Tuesday, 14 February 2012

The 2kDozen 500: #59 - Sharon van Etten, "Tramp"

I read a headline of Everett True's a few weeks ago that had stuck with me: that all the interesting, good pop music (or rock music, I'm not sure) was being made by women. Or rather, that none of it was being made by men. This may be why I've been quite aware of how many people that happen to be women have been responsible for the last 59 albums I've been listening to.

I don't really have any conclusion to draw from that. I wonder if there's any influence over how I listen, react or report? I might take a look back over previous thoughts to check.

So this is a fairly straightforward rock album, right?
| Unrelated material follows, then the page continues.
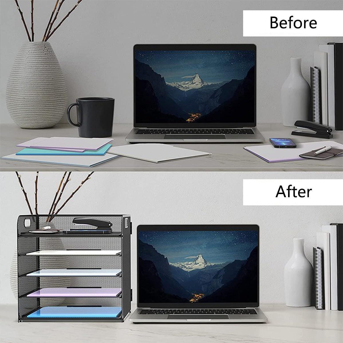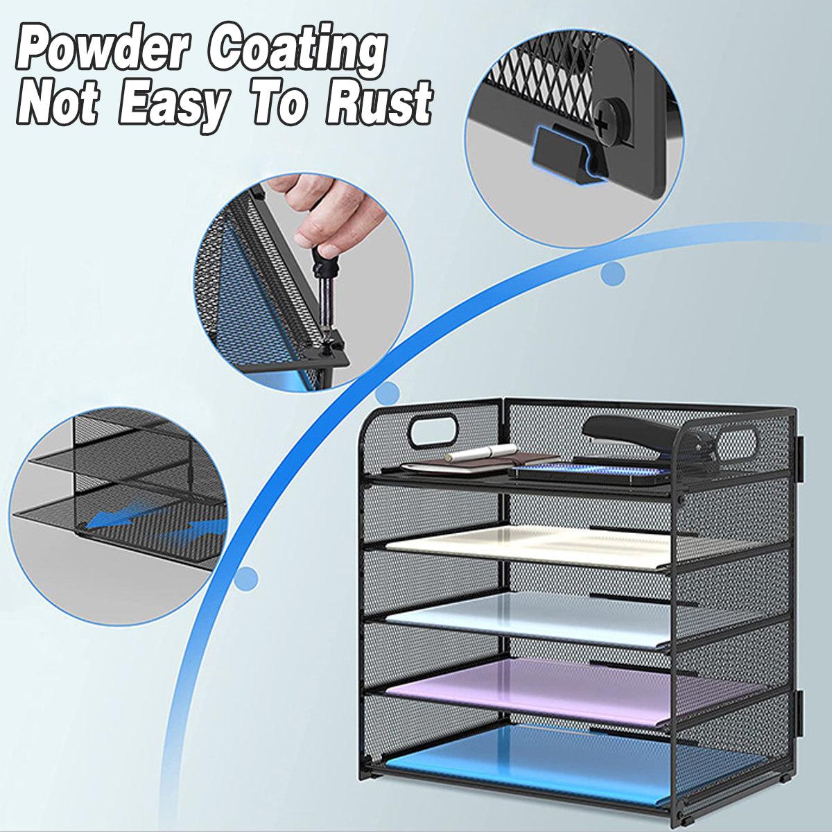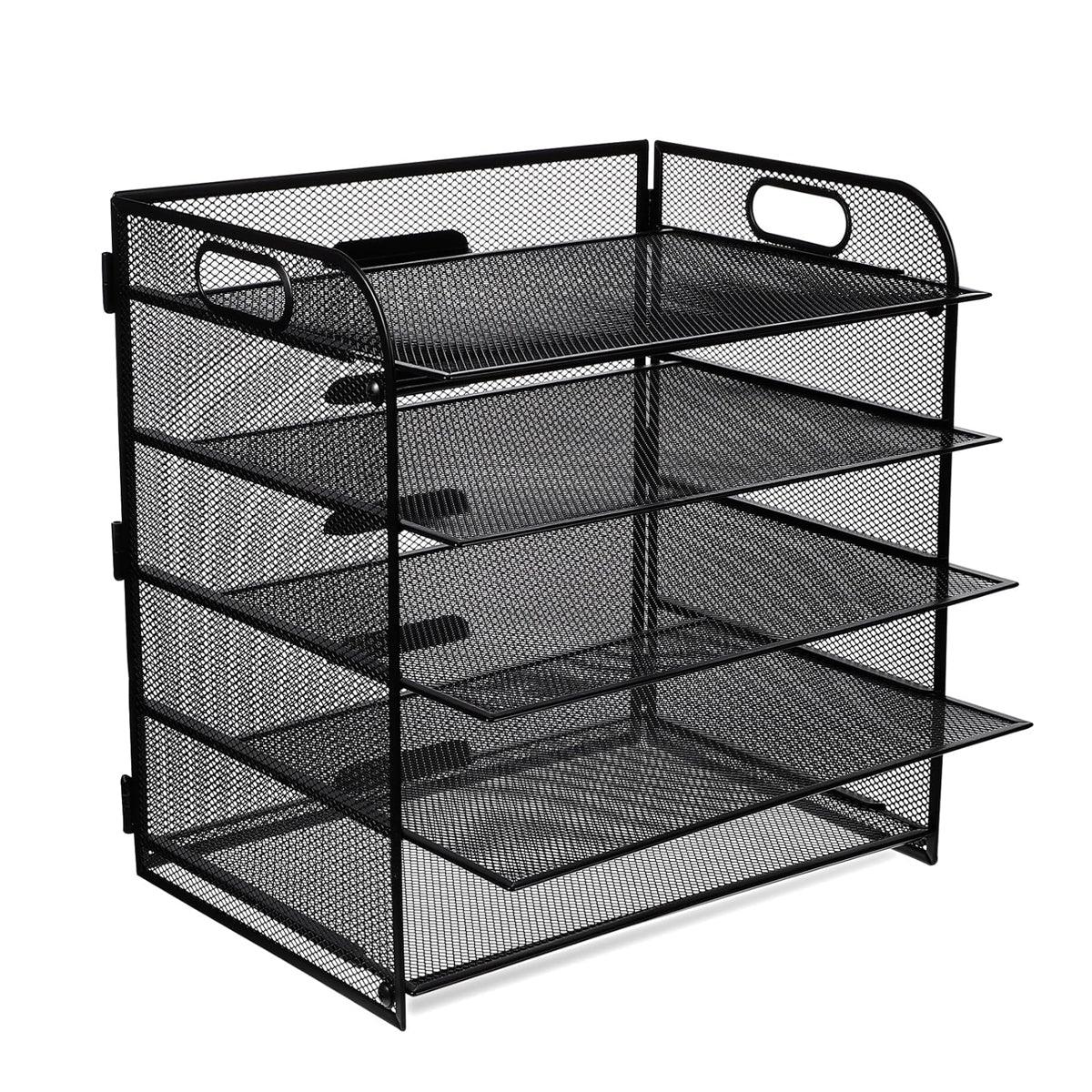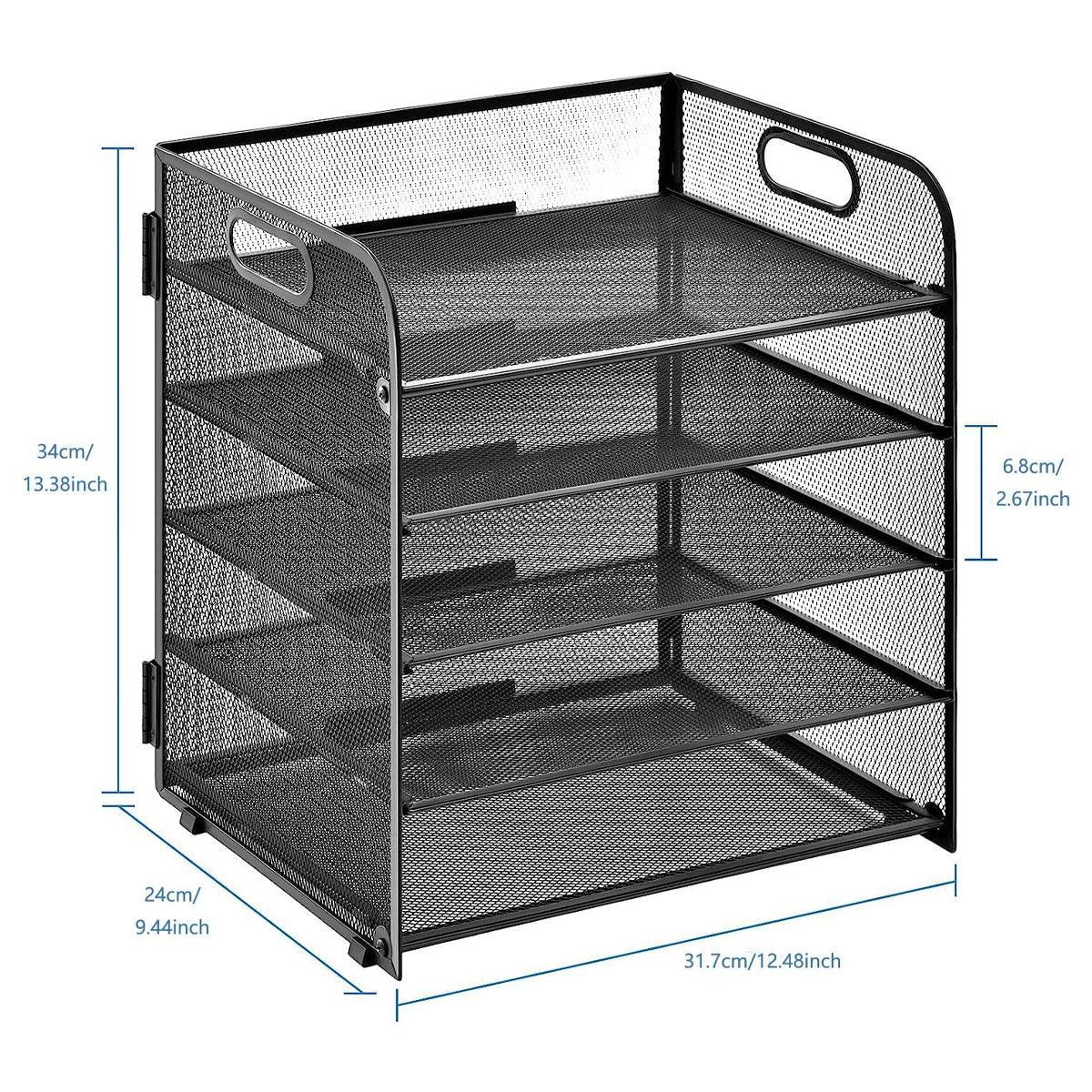 5 Tray Paper Organizer with Handle Mesh Desk File Letter Holder Black Storage

There's a back story that I've read about - the abusive boyfriend who told her that her music was shit because there was no distance. And some music people that heard her CD-Rs and stole her away from that monstrous life. Now, I quite like an ironic distance in a composer and even more so in a lyricist. So what might I make of this? I will be listening out of course for how much of this back story can be inferred from the songs within.
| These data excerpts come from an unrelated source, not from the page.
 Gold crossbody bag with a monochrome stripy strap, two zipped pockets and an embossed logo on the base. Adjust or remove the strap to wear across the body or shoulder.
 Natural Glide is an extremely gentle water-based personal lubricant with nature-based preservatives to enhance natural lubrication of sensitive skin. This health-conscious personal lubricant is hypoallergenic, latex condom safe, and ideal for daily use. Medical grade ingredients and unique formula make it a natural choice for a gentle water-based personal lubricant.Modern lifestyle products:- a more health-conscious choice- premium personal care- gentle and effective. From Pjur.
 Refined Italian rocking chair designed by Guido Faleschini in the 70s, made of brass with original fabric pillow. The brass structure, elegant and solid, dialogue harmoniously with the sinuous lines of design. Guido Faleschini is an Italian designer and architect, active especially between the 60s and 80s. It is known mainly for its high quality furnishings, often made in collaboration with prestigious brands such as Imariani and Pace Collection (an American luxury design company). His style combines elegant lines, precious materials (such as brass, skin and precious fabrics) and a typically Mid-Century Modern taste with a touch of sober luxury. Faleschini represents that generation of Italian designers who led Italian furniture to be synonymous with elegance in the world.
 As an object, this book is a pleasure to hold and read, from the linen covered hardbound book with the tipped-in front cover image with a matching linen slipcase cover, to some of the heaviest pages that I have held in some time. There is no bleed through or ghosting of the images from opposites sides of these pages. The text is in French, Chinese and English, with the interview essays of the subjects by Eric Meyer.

"Leonard" sounds familiar. There's a flutter to the vocal that matches the sweet tension in the music. "In Line" has the shuffling desert feel of slow motion dawns and cavernous hums and mournful, coyote cries. It gets to sound monochromatic after a while and I suppose how far you plunge into this musical world would depend on how closely your mood might run with hers. Sounds a cool route to run alongside her though. "All I Can" builds on the confidence, voice growing in power and a laid-back strut to the backing band. Only the words suggest the confidence is built on uncertainties.

"But my memory steals every moment I can feel./What will it take?/We all make mistakes."
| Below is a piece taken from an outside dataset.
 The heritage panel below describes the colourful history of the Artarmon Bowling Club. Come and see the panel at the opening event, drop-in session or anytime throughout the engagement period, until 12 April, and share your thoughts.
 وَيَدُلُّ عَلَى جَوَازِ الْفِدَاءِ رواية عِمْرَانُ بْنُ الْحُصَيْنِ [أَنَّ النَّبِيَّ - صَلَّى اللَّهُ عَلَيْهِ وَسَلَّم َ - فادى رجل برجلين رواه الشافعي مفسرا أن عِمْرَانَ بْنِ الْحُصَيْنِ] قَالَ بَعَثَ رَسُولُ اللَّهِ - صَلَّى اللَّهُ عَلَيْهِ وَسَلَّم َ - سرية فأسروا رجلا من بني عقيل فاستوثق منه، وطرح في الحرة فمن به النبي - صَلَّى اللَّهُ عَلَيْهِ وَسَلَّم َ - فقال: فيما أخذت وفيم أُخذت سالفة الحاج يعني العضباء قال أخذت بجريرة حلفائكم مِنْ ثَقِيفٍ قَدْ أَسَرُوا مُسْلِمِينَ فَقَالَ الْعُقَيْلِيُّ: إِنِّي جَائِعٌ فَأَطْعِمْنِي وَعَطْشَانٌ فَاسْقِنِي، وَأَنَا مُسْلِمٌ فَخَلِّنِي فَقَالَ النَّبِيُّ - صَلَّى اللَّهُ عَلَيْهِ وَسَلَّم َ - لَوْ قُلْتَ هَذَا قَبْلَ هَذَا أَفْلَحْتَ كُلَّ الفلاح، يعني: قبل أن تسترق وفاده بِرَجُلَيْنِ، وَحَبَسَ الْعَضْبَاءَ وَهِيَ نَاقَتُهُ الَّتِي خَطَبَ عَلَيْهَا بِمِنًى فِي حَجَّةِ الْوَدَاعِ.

"Tell me I'm wrong/Tell me it's not been that long" suggests another look back over theback story. There are magic, twinkling, uplifting noises swelling up behind "I'm Wrong" in a sliding, brassy fashion. This tune might best sum up her movement to where she is now; I suppose that's for her to know and me to guess at. Belief and trust are big lyrical themes right up until the last track, "Joke or a Lie" ("Put your coat on/Then believe me/I tried" are the closing words).